El barrio en el que crecí empezó a formarse unos años antes de que yo naciera, a fines de los 70. Al principio, a cualquier vecino que salía de su casa nueva le alcanzaba con caminar cien metros para estar parado en el campo y creer que la construcción que todavía no había terminado de pagar era una alucinación.

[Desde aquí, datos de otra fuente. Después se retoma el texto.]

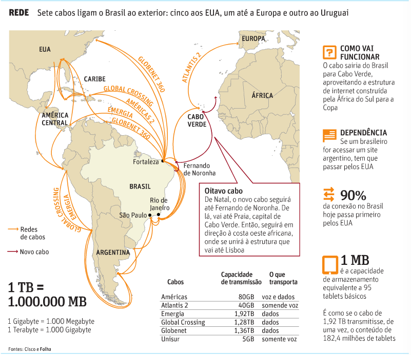 jul 6, 2011Hoje boa parte da transmissão de dados entre os países é feita através de cabos submarinos.O Brasil planeja a construção de um novo cabo submarino para tráfego de dados até a Europa e a África, cruzando o Atlântico. Hoje, mais de 90% da conexão de internet no país passa pelos Estados Unidos, e escapar dessa dependência é o objetivo do governo. A estratégia será construir o cabo para a Copa de 2014, como fez a África do Sul quando sediou o mundial de futebol em 2010, com um cabo que percorre toda a costa oeste do continente até Portugal.
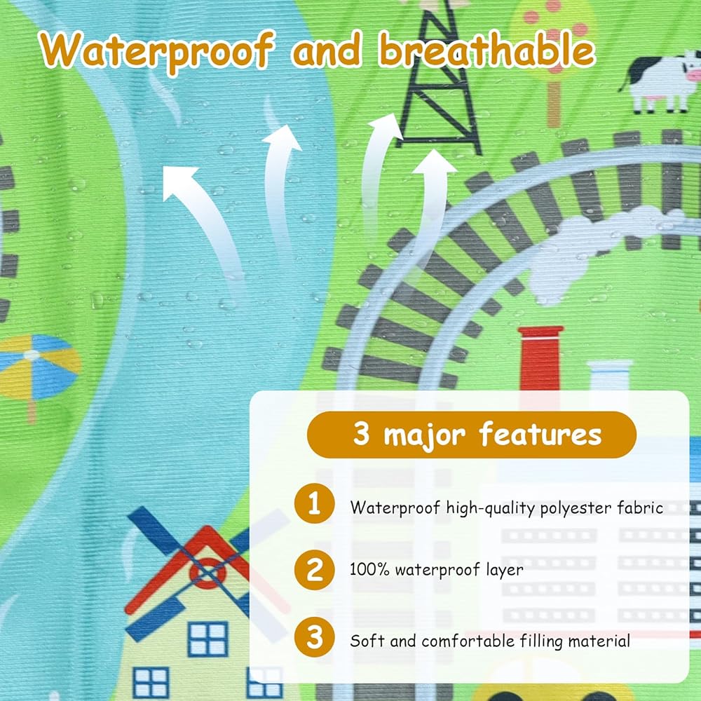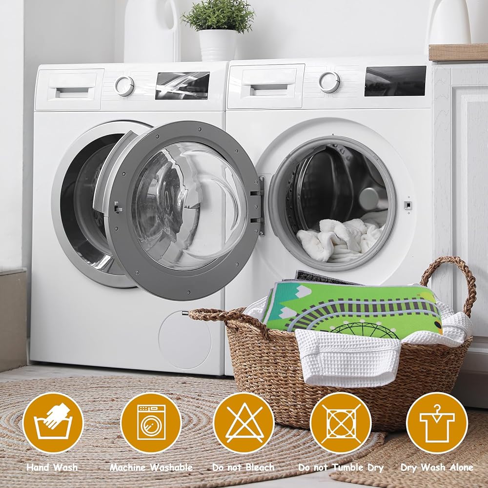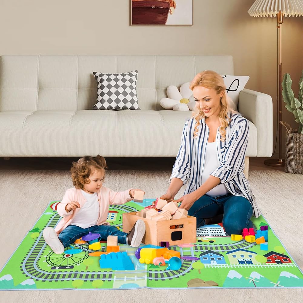 🌈【Multi-Scene Design, Cultivate Imagination】The kids game carpet is designed with an exciting railway theme to let your childs imagination fly. With multiple scenarios and paths, its more than just a play mat; its a way to have imaginative adventures that help your child develop cognitive skills.

En esa época en la que matrimonios jóvenes levantaban chalets con tejas naranjas en el medio de la nada, pasó algo. La mamá del Martincito, uno de los chicos del barrio con el que íbamos a pelear en el futuro, se volvió loca. Una mañana, mientras estaba con su bebé en el comedor, vio que un tipo la miraba fijo desde el otro lado de la ventana que daba al patio. El hombre no le hizo nada, pero no se movía y algo en esa mirada la perturbó. Nunca supimos cuanta verdad había en esa historia, pero el relato nos servía para explicar su comportamiento: gritaba bastante, retaba a sus hijos por cualquier cosa, parecía estar siempre alerta. Hace menos de un año me la crucé en la despensa teñida de rubia, comprando cigarrillos. Me pareció una mujer común, no esa tirana que yo veía cuando era chico.

El de la madre de Martincito no fue el único caso. Algunos años después, también durante mi infancia, hubo una época en la que un “sátiro” andaba por el barrio, metiéndose en las casas para espiar a las mujeres. “El sátiro de los techos”, así le decían todos. El apodo no era muy original: en ese mismo momento habrán existido más de cincuenta barrios en toda Argentina con un tipo al que llamaban igual. Cada barrio con su sátiro. Durante esos días yo estaba aterrado. Dormía con una linterna. A veces la prendía, iluminaba una parte de la pieza y ese círculo de luz en el medio de lo negro me daba más miedo. Un día, mi abuela dijo que lo había escuchado caminar por el techo a la madrugada, pero como era vieja no se había preocupado: no la venía a espiar a ella, seguro iba a lo de sus vecinos. En pocas semanas, muchos lo habían visto salir corriendo de casas ajenas, a horas improbables. Hasta que una noche, gracias al llamado de una señora al comando radioeléctrico, llegaron policías con reflectores y lo cazaron en los techos. Se reveló el misterio: el sátiro era un hombre que vivía con toda la familia de su mujer a tres cuadras de mi casa. Era un poco raro y tomaba bastante. Todavía lo veo hoy y pienso en cómo cambian las cosas con el tiempo: ahora es un señor que se sienta a veces a la vereda, y le cuesta subirse a una silla para cambiar un foco.